Rizatriptan is available as a tablet or as a melting tablet, each containing 5 or 10 milligrams. The melting tablets are particularly suitable for patients who have difficulty swallowing or when migraine attacks are accompanied by nausea and vomiting. Patients swallow the tablets whole with a glass of water. Melt tablets, on the other hand, are placed on the tongue and dissolve there.

If a headache occurs again after the first tablet, sufferers can take another one after two hours at the earliest. The maximum dose within 24 hours is two tablets or two melting tablets.

Do not take another dose of rizatriptan if the first one did not help. Alternative pain medications may improve your symptoms. Talk to your doctor or pharmacist about this.

When should you not take rizatriptan?

Medicines containing rizatriptan should not be taken:

  • if you are known to be allergic to the active substance or to any of the other ingredients of the medicine
  • if you have severe liver or kidney disease
  • if you have untreated or uncontrolled high blood pressure
  • coronary artery disease (coronary heart disease, possibly with angina pectoris)
  • peripheral arterial occlusive disease (PAVD), also known as “smoker’s leg

Simultaneous use of some medications also militates against rizatriptan. These include:

  • other triptans (e.g. sumatriptan)
  • ergotamines, which are also effective against migraines
  • certain medications for depression, called monoamine oxidase inhibitors (MAO inhibitors such as moclobemide or tranylcypromine)
  • linezolid, an antibiotic that is also an MAO inhibitor

If you have taken an MAO inhibitor for the last time, wait at least two weeks before using rizatriptan.
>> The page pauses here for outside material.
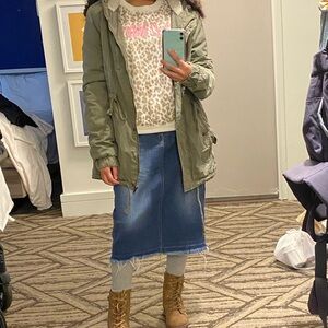 Size S; very comfy and stylish🎀🐆; can be worn with a jean skirt and cargo sweater for layering🤍

Patients who are lactose intolerant are best to be aware of the additional ingredients in rizatriptan tablets: some contain the lactose. They prefer to use Rizatriptan melting tablets, which are lactose-free and therefore better tolerated. In addition, there are also classic tablets without lactose.

What interactions can occur under Rizatriptan?
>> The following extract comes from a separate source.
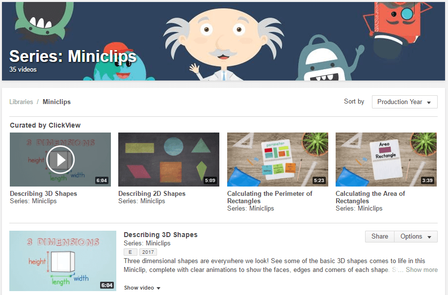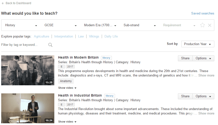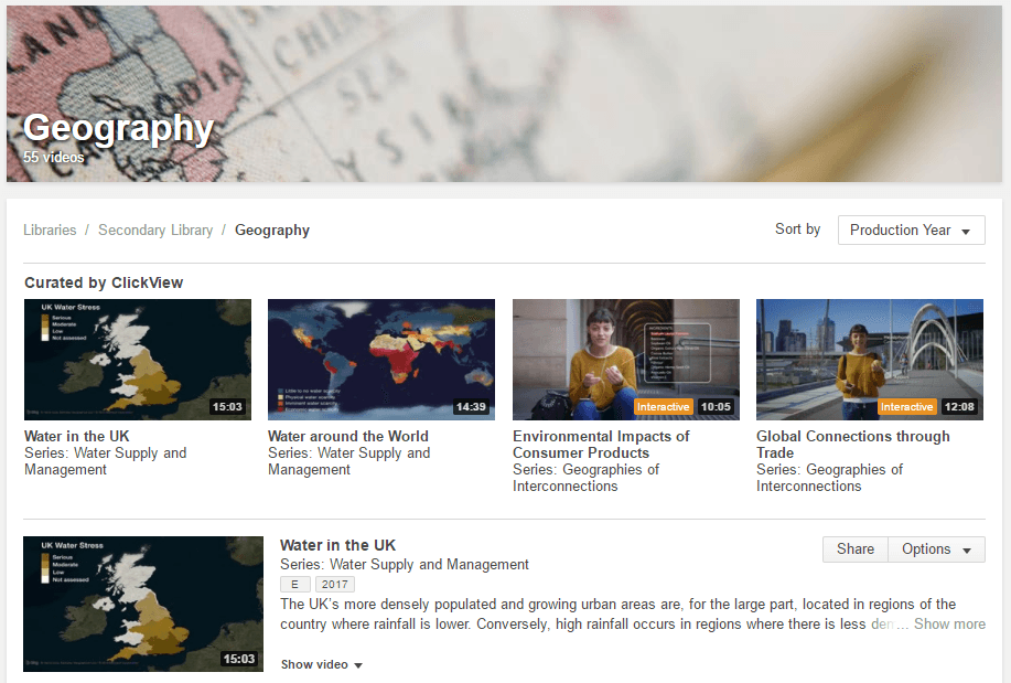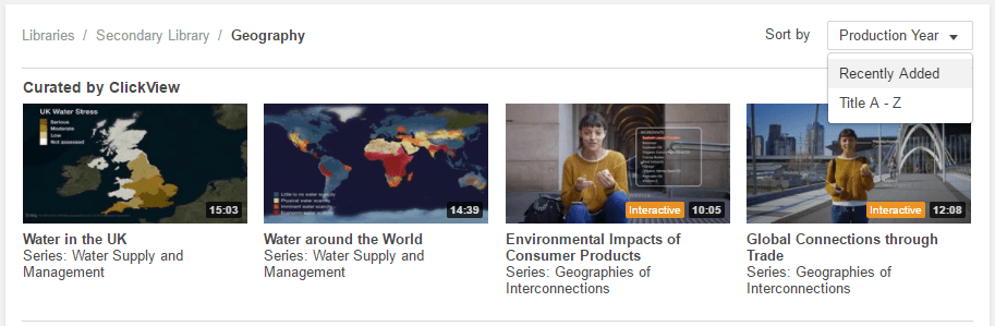 We understand that it’s important to find relevant, but also recently produced, videos to ensure you have the best content for your students. Therefore the videos within any subject collection are now displayed by production year, by default.

Patients often receive selective serotonin reuptake inhibitors (SSRIs) or serotonin-norepinephrine reuptake inhibitors (SNRIs) for depression. If they then also use rizatriptan, an excess of the neurotransmitter serotonin can develop. You can read about what then happens and how this excess manifests itself in our article “Serotonin syndrome”.
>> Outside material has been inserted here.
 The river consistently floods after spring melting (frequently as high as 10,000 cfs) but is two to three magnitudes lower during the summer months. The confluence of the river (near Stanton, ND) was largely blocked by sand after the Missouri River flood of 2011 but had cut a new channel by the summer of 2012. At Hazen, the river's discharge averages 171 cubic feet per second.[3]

If propranolol (beta blocker) is taken at the same time, the amount of active substance of rizatriptan in the blood may increase. If propranolol is necessary, the doctor will adjust the dose. If you are taking other beta blockers, talk to your doctor.

Dietary supplements or medicines containing St. John’s wort may cause unwanted side effects more often. Therefore, inform your doctor or pharmacist about the use of herbal medicines as well.

Rizatriptan during pregnancy and breastfeeding

Doctors therefore always check whether treatment with triptans is really necessary. If so, they prescribe triptans that have been better studied than rizatriptan (e.g. sumatriptan).

According to animal studies, rizatriptan passes into breast milk in large amounts. However, a single dose of rizatriptan is still possible under a doctor’s instructions. Ideally, mothers should discontinue breastfeeding for 24 hours after ingestion.